Another financial market expert echoed this, explaining that such hype can often lead to investments which aren’t based on business or market performance.
“Cannabis stocks, in particular, are subject to quite a bit of hype. And you will see that if a company has some high profile backers, you tend to get a blip. But actually, that’s driven by hype, rather than what the business is doing. So there is a bit of that that distorts pricing.”
Kanabo’s CEO Avihu Tamir, said that not only did this hype raise expectations to unrealistic levels, with investors expecting stocks ‘to go up and up like it’s Bitcoin’, but it meant cannabis companies were all lumped together.
“I think that probably affected the share price of all the all the bunch together. For investors, they’re not really differentiating between one cannabis company to the other, because the market is very small.”

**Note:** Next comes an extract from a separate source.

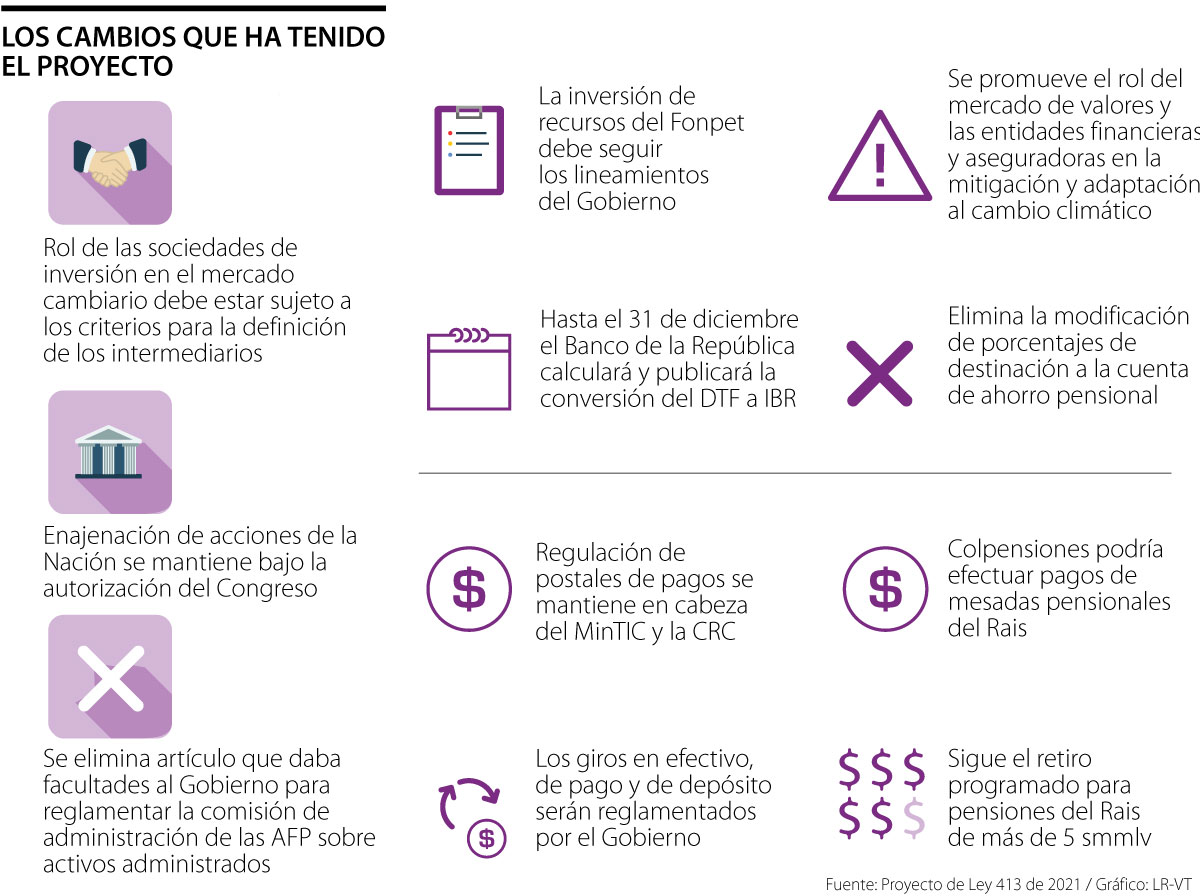Se eliminó el artículo que le daba facultades al Gobierno para reglamentar la comisión de administración de las AFP sobre el valor de los activos gestionados y se determinó que la inversión de recursos del Fondo Nacional de Pensiones de las Entidades Territoriales (Fonpet) debe mantenerse dentro de los lineamientos establecidos por las mismas instituciones centrales, los cuales deberán tener en cuenta dentro de sus objetivos que la inversión de recursos se realice dentro de un marco adecuado de gestión de riesgo.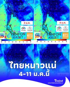 พยากรณ์อากาศเผยภาพอุณหภูมิของไทย เตรียมเย็นลงอีกในช่วงวันที่ 4-11 มกราคม 2569 พร้อมเตือนประชาชน ดูแลสุขภาพรับต้นปี

Lack of Institutional Investment
The size of the European cannabis market also means that companies are often ‘bucketed together’ and branded as ‘cannabis exposed’.
This perceived risk has meant many traditional institutional investors have been deterred from exposing themselves to the market, in turn leaving the door open for retail investors to flood the market and make it yet more volatile.
As one investor explained: “I think it would be fair to say that the regulatory support for companies which have any kind of cannabis exposure is extremely weak.
“You need only look at the institutional interest in these companies, essentially the only two institutional buyers have been Premier Miton and Chelverton Asset Management.”
They added that companies of this size in any ‘normal’ industry would typically have interest from around a dozen major institutions, and such an investment would ‘underpin a more stable valuation’.
The lack of institutional cash in LSE-listed cannabis stocks also means they are trading less, leading to less liquidity and much more sensitive valuations.
According to a separate market analyst these stocks are currently ‘for day traders, not really for long term holders, at least that’s certainly not their intention’.
“I think because these stocks are predominantly retail-led, the heroes can go to zeros and back to heroes very, very quickly just because the flow of money that goes through them isn’t in traditional long term money in terms of hedge funds, pension funds, that sort of thing.
“They’re very price sensitive because of the nature of who’s trading the stock.”